There are over 10,000 inherited diseases caused by single genetic mutations, and just a tiny sliver of them have effective treatment options. Investors convinced that gene editing technology can solve this problem made CRISPR stocks some of the best performers of the past year, and Crispr Therapeutics AG (NASDAQ:CRSP), in particular, has soared far beyond its peers.
The technology could be a powerful way to churn out valuable new medicines, but it seems awfully early to pick winners. Moving a new drug candidate through clinical trials and into pharmacies is a marathon, and these companies are still tying their shoes.
|Company||Market Cap||First Human Test Timeline|
|Crispr Therapeutics||$3.4 billion||Trial initiation slated for second half of 2018|
|Editas Medicine (NASDAQ:EDIT)||$1.7 billion||IND filing by mid-2018|
|Intellia Therapeutics (NASDAQ:NTLA)||$1.1 billion||IND filing by end of 2019|
Has Crispr Therapeutics really been outperforming its peers simply due to a case of name recognition? Let's take a closer look.
What's in an acronym?
More than a few analysts are convinced that CRISPR stocks by any other name just don't smell as sweet to retail investors. Results of a Twitter poll conducted by Brad Loncar showed 86% of the independent analyst's followers think name recognition is the main force driving Crispr Therapeutics' stock past its peers.
Loncar's poll might not be very scientific, but there's plenty of data to suggest that "fluency" plays a stronger role in stock performance than most of us care to admit. In one study, participants were shown a random list of fabricated stocks with simple and complex names and asked to estimate their future performance. Overall, stocks with simple names were expected to rise by an average of 3.90% while those with complex names were predicted to fall 3.86%.
You don't need to fabricate names to find evidence that fluency plays a role in stock performance. In another study, investigators showed that stocks with simple names also perform significantly better during their first days of trading on the New York Stock Exchange, but no advantage could be found on timelines long enough to matter to your long-term portfolio.
I don't have my finger on the pulse of American pop culture, but I've seen the gene editing technique misrepresented more times than I can count. I've also met quite a few "investors" who don't know much more about the companies they buy than names and share prices. It's not hard to imagine scores of everyday investors out there with unreal expectations buying the first CRISPR stock they recognize.
While psychology probably plays an outsized role, you could argue that Crispr Therapeutics has some advantages over Editas Medicine and Intellia Therapeutics. First of all, Crispr will almost certainly be the first to begin a phase 1 trial.

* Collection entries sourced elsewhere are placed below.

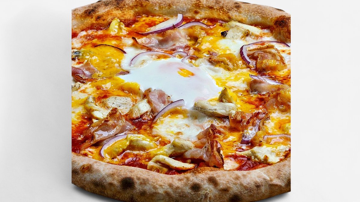 Доматен сос Мутти, Моцарела, Пилешко Филе, Панчета, Чедър, Червен лук, Яйце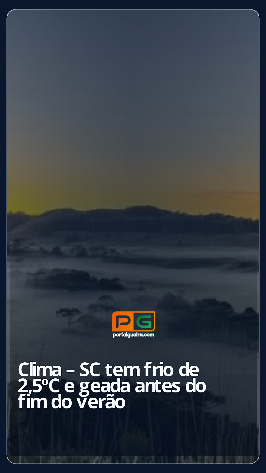A quatro dias do fim do verão, Santa Catarina amanheceu gelada neste domingo (16). Os termômetros chegaram a marcar 2,5ºC na região serrana, conhecida pelo turismo de inverno. Também houve geada (vídeo acima).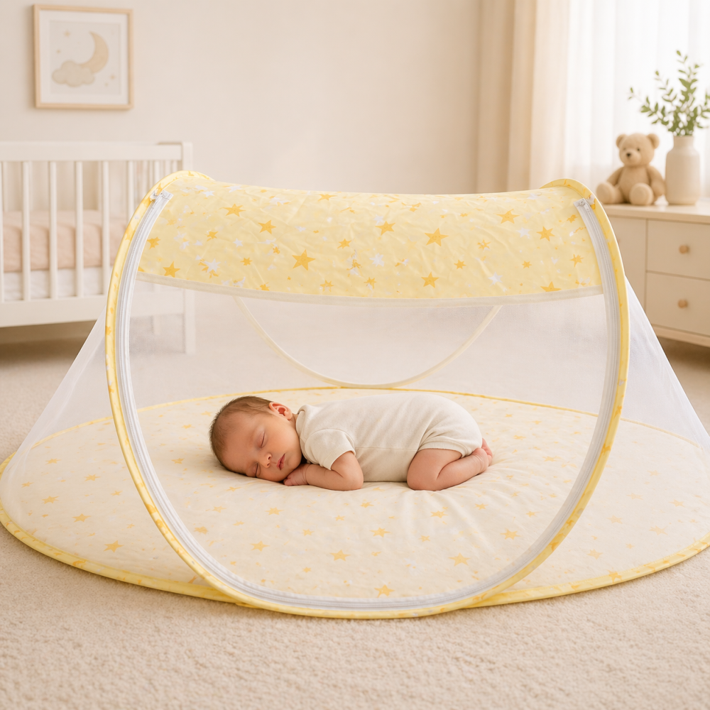 BEBELUL Patut pliabil cu plasa protectie tantari pentru bebelusi, portabil - Galben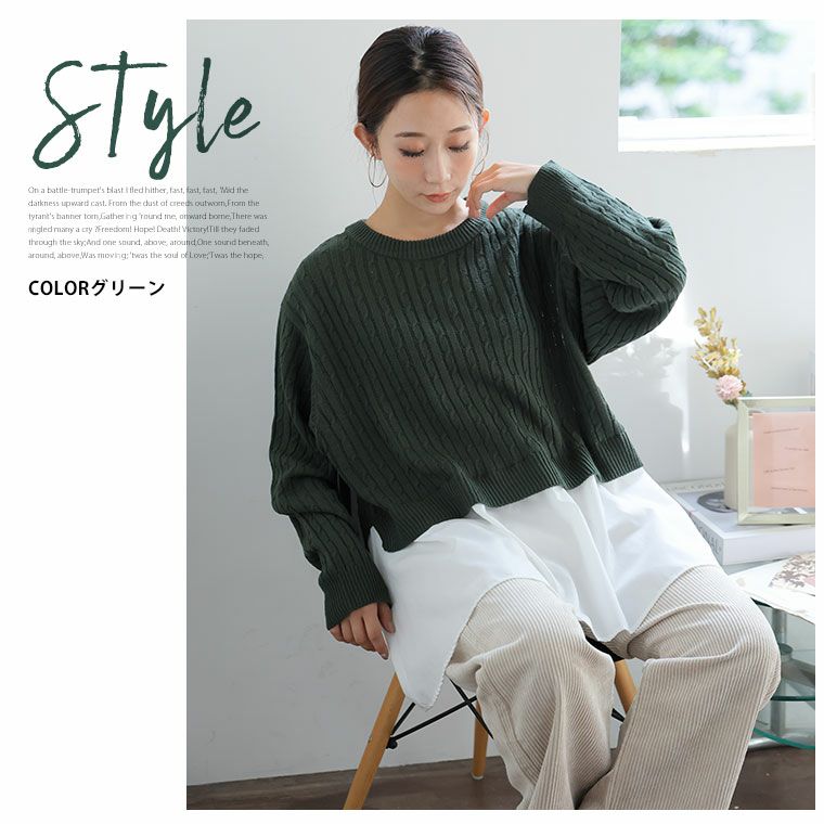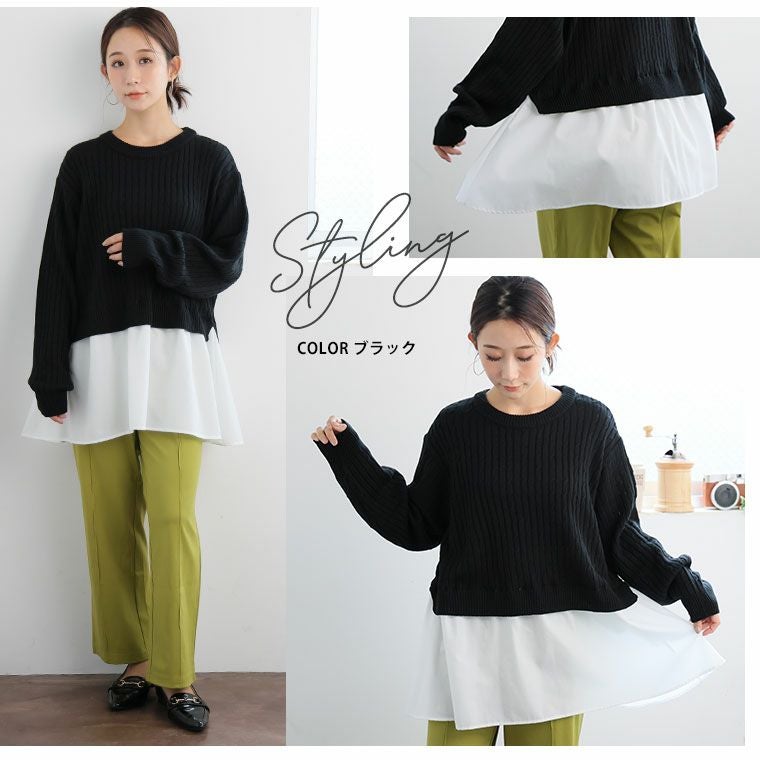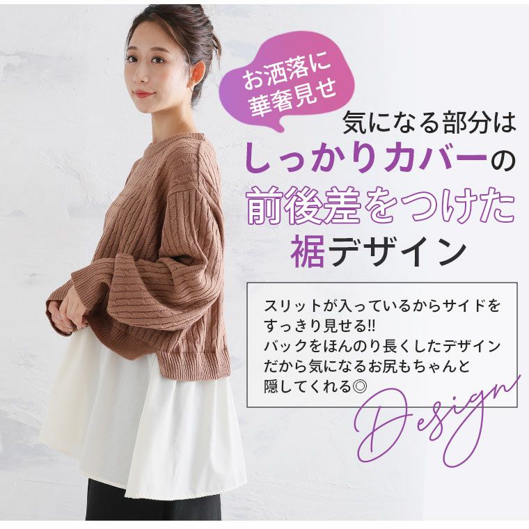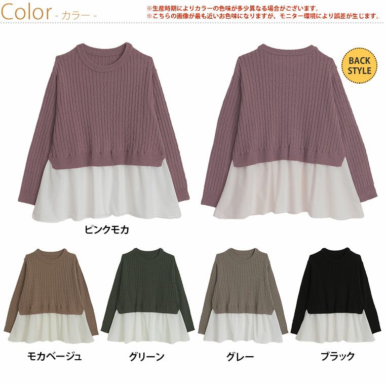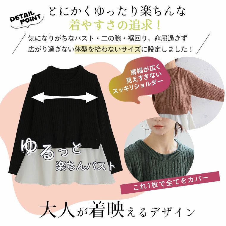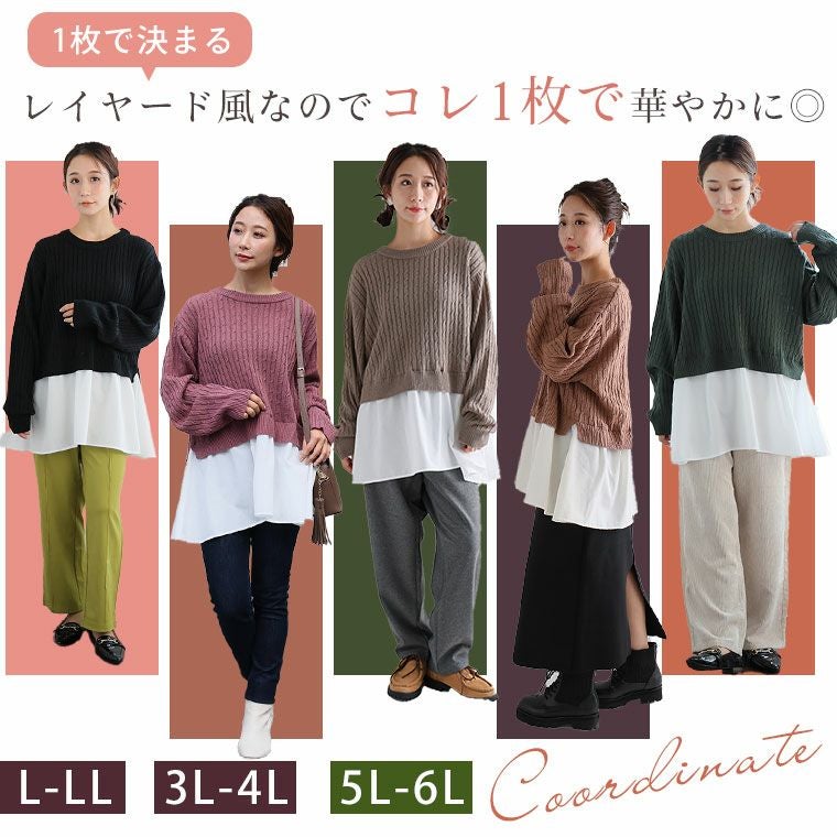 他の画像を見る オリジナル ニット セーター LL 3L 4L 5L 6L 秋 冬 お腹 長袖 フェイクレイヤード 重ね着風 ペプラム 体型カバー 可愛くお腹を隠しちゃえ! ふんわり可愛い ケーブルニット | 大きいサイズの通販ならハッピーマリリン 在庫特価 定価 ¥ 3,490 のところ 価格 ¥ 2,500 税込 4.31 お気に入りに登録する

If you think of drug development as a race, all three of these companies are still clumped together at the starting line. Focus in a little closer, though, and you could argue that Crispr is a small step ahead of its peers. While Intellia and Editas still haven't filed the investigative new drug (IND) applications necessary to begin a clinical study, Crispr Therapeutics has already received approvals for clinical trial applications in several European countries.
The first humans the company will attempt to treat have a blood disorder called beta-thalassemia. These people can't produce enough hemoglobin on their own, but CTX001-111 is designed to allow them to produce a form of the protein that carts oxygen around the bloodstream.

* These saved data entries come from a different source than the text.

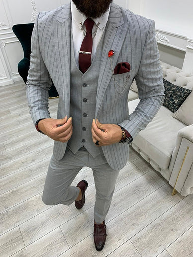 Yukon Gray Slim Fit Peak Lapel Striped Suit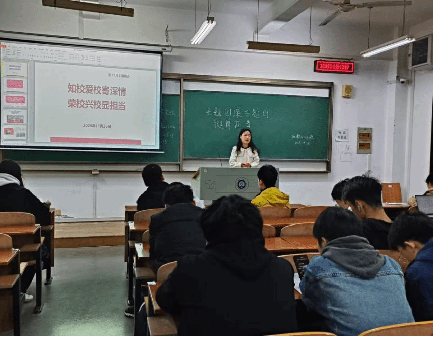 会议伊始,团支书传达了“知校爱校寄深情,荣校兴校显担当”主题团课内容,向同学们传达一份深深的爱校情怀和为学校繁荣发展而努力的责任与担当。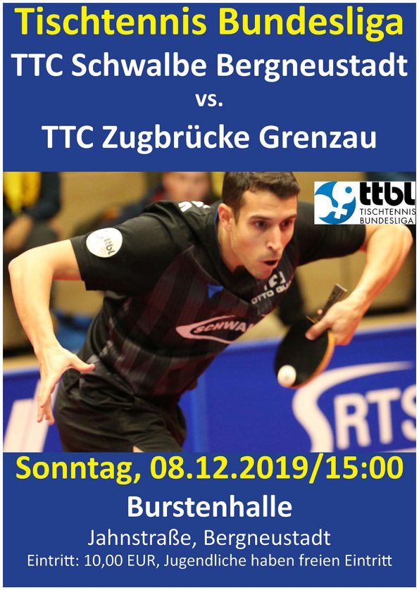 Zum ersten Heimspiel der Rückrunde, am zweiten Advent, Sonntag, den 08.12.19 um 15:00 Uhr, empfängt der TTC Schwalbe Bergneustadt den Westerwälder Verein TTC Zugbrücke Grenzau in der Burstenhalle. Bei den Gästen ist an Position Eins das 19-jährige US-amerikanische Ausnahmetalent Jha Kanak Jha gemeldet. Der dänische Meister Anders Lind wird an Postion zwei auflaufen. Der Grieche Ioannis Sgouropoulos war Europameister in der U18-Klasse. Mit dem Italiener Mihai Bobocica steht in den Reihen der Brexbachtaler auch ein erfahrener Spieler im Team.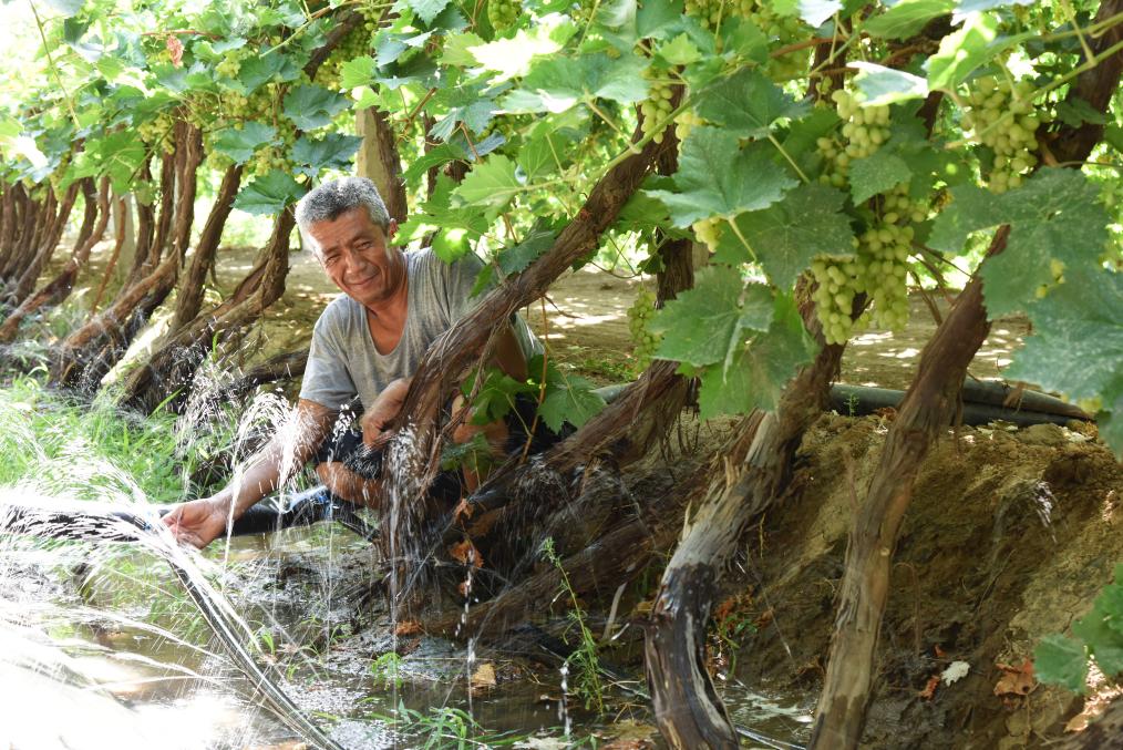 “以前種葡萄20天澆一次水,一年澆十一二次用水900方;現(xiàn)在10天澆一次,一年澆十八次用水700方,9畝地一年能省500塊水費哩!”春暖花開,新疆吐魯番鄯善縣果農(nóng)阿不力孜·阿不都熱衣木先花幾天時間把埋了一冬天的藤蔓上架,準(zhǔn)備再用幾天把用于灌溉的微噴帶鋪設(shè)到位。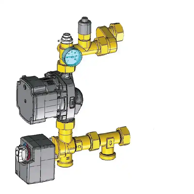 Equipado con una válvula mezcladora termostática de 3 vías y un servomotor incluido, este grupo de bombeo permite un control preciso de la temperatura, ajustándose a las necesidades del sistema de calefacción. Además, incluye una bomba FERCO FAPM15/8 Hybrid, reconocida por su alta eficiencia, ideal para aplicaciones de climatización y energía solar. Con una potencia de 65W y una altura manométrica de 8 mca, esta bomba garantiza un funcionamiento eficaz y confiable.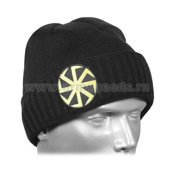 Шапка вязаная двойная п/ш черная с вышивкой Солнцеворот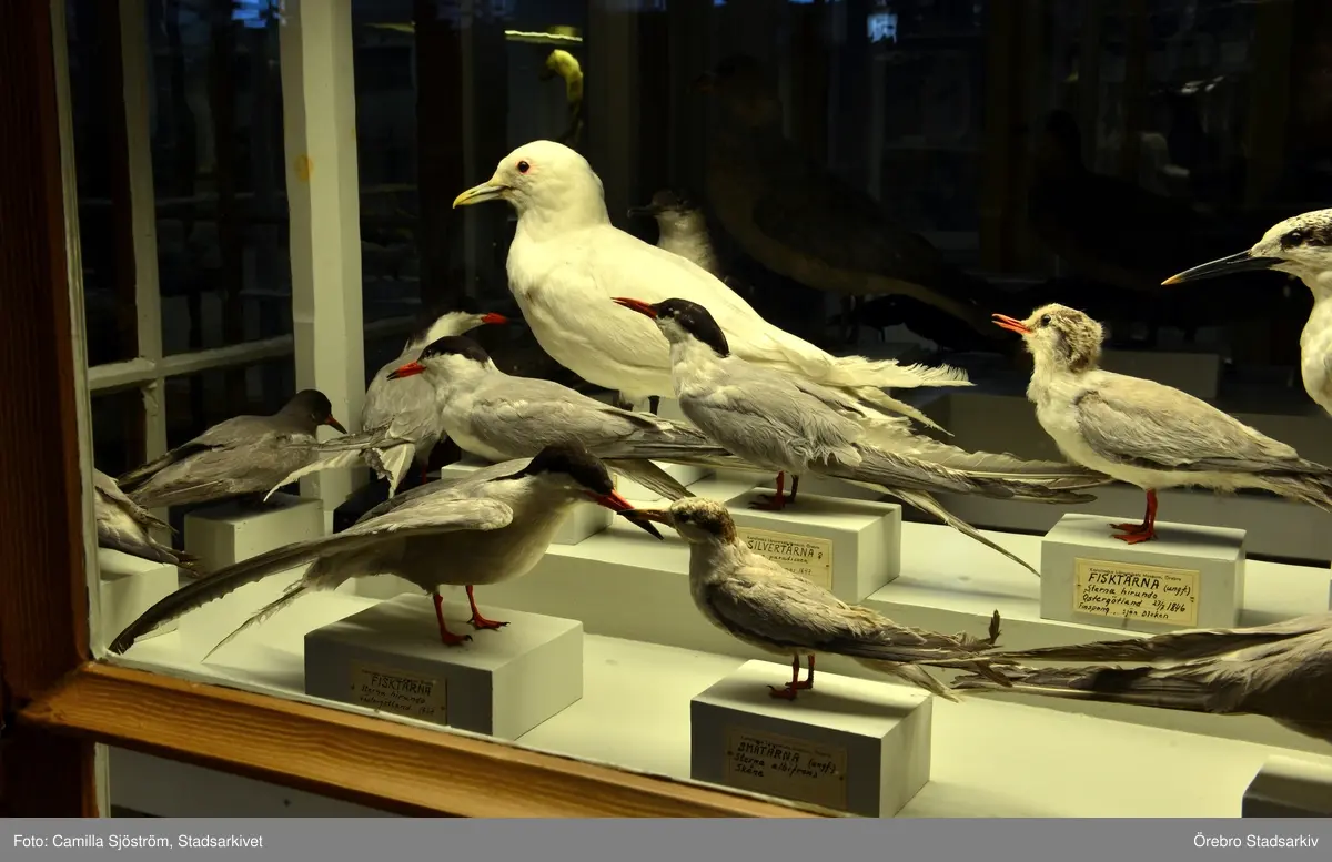 Uppstoppade fåglar i monter på Biologiska museet, 2014-04-28

If Crispr's candidate shows signs of success in the exploratory study, it's designed to be expandable into a trial that can support a new drug application. CTX001-111 is already partnered with Vertex Pharmaceuticals (NASDAQ:VRTX), a big biotech partner with plenty of capital, experience, and manpower to develop and successfully launch the drug.
An off-the-shelf solution?
New treatments that train a patient's own cells to fight cancer produce amazing results, but beginning a new manufacturing process for each patient is costly and time-consuming. A one-cell-fits-many solution is the unofficial brass ring of cancer drug development right now, and investors appear pleased with early signs that Crispr Therapeutics might be able to grab it.
Unfortunately, the early signs come from animal studies, which don't tell us a whole lot about odds of eventual success down the line. The figures are a bit dated, but in August of 2016, Evaluate Pharma counted 11,012 potential new drugs in preclinical stage development. If you stop to consider that the FDA approved just 46 novel new drugs last year, it becomes clear that you can't pin a significant risk-weighted value to any new drug candidate without clinical trial data.
With a recent market cap of $3.4 billion, it appears investors aren't stopping to consider the risks inherent in drug development. Crispr Therapeutics probably owes its relatively high valuation to more than simple name recognition, but I'd steer clear of the stock until the company has some meaningful data to share.